Exercise instructions
Where the listing shows an image, skip it and output all other material unchanged.

Data shown
+ + +

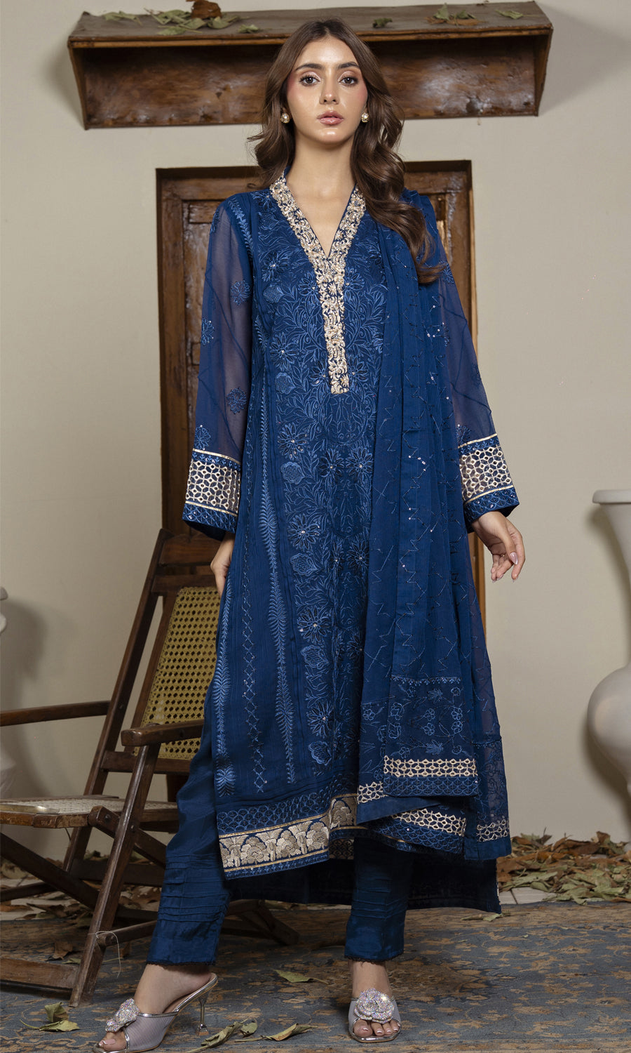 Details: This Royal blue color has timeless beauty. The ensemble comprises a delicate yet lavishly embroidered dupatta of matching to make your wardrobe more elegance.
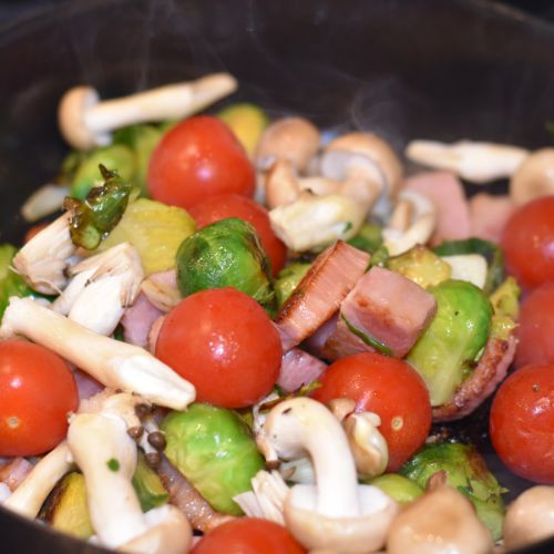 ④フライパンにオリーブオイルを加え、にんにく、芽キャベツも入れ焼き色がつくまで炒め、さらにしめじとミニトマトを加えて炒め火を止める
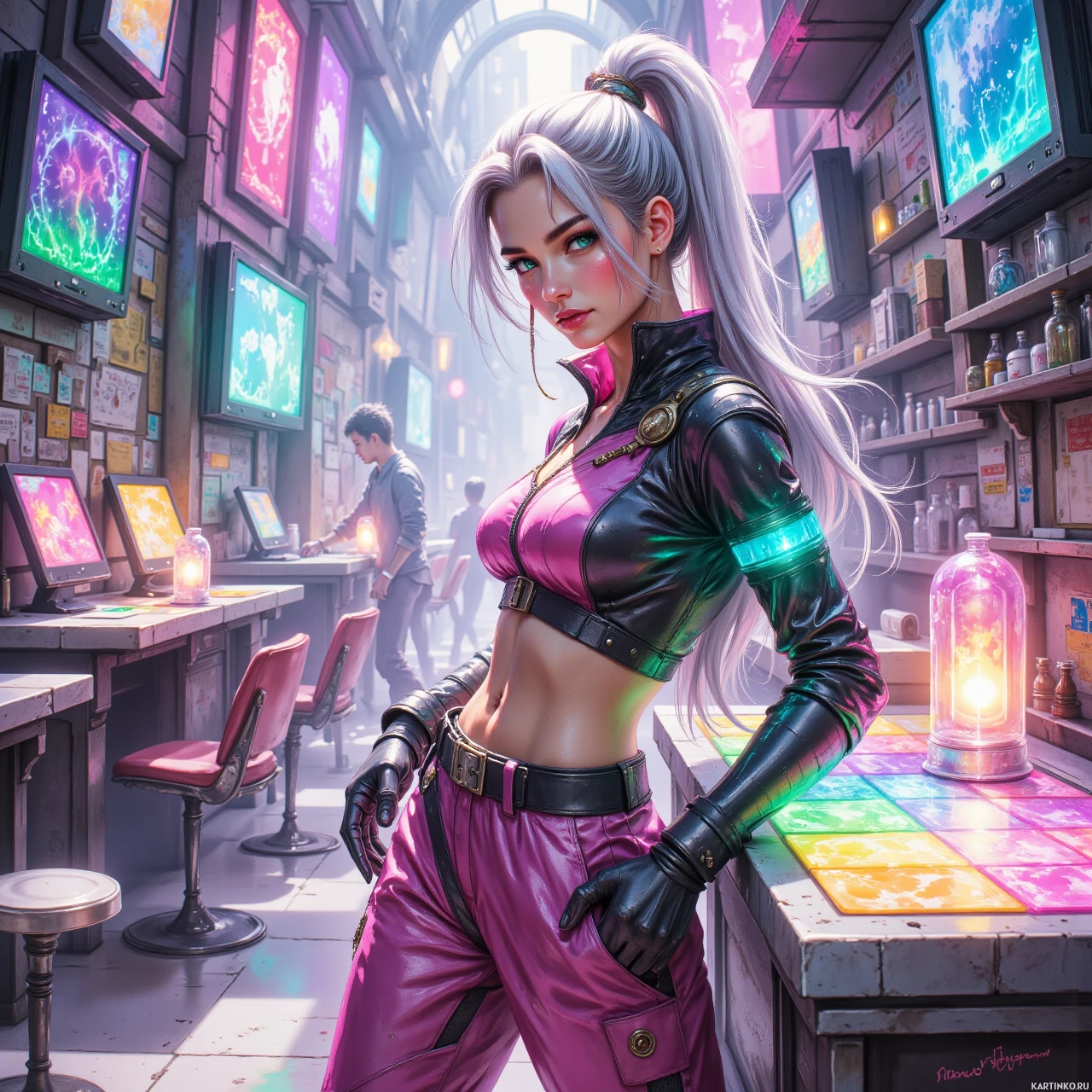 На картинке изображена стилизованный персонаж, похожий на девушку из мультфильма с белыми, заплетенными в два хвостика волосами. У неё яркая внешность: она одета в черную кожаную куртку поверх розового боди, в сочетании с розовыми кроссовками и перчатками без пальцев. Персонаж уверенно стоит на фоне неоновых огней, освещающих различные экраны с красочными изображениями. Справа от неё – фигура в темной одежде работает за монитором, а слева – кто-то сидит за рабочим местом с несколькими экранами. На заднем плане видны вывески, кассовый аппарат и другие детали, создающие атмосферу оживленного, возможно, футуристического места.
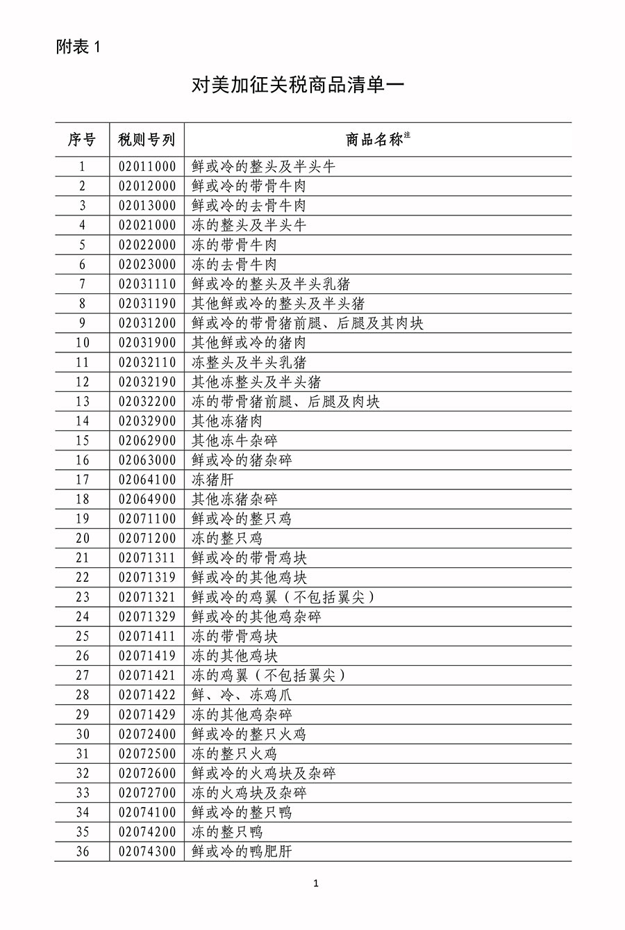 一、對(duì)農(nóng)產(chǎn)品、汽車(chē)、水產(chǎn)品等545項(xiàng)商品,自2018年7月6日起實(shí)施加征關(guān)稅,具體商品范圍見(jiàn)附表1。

+ + +

Result for this task
 Details: This Royal blue color has timeless beauty. The ensemble comprises a delicate yet lavishly embroidered dupatta of matching to make your wardrobe more elegance.
 ④フライパンにオリーブオイルを加え、にんにく、芽キャベツも入れ焼き色がつくまで炒め、さらにしめじとミニトマトを加えて炒め火を止める
 На картинке изображена стилизованный персонаж, похожий на девушку из мультфильма с белыми, заплетенными в два хвостика волосами. У неё яркая внешность: она одета в черную кожаную куртку поверх розового боди, в сочетании с розовыми кроссовками и перчатками без пальцев. Персонаж уверенно стоит на фоне неоновых огней, освещающих различные экраны с красочными изображениями. Справа от неё – фигура в темной одежде работает за монитором, а слева – кто-то сидит за рабочим местом с несколькими экранами. На заднем плане видны вывески, кассовый аппарат и другие детали, создающие атмосферу оживленного, возможно, футуристического места.
 一、對(duì)農(nóng)產(chǎn)品、汽車(chē)、水產(chǎn)品等545項(xiàng)商品,自2018年7月6日起實(shí)施加征關(guān)稅,具體商品范圍見(jiàn)附表1。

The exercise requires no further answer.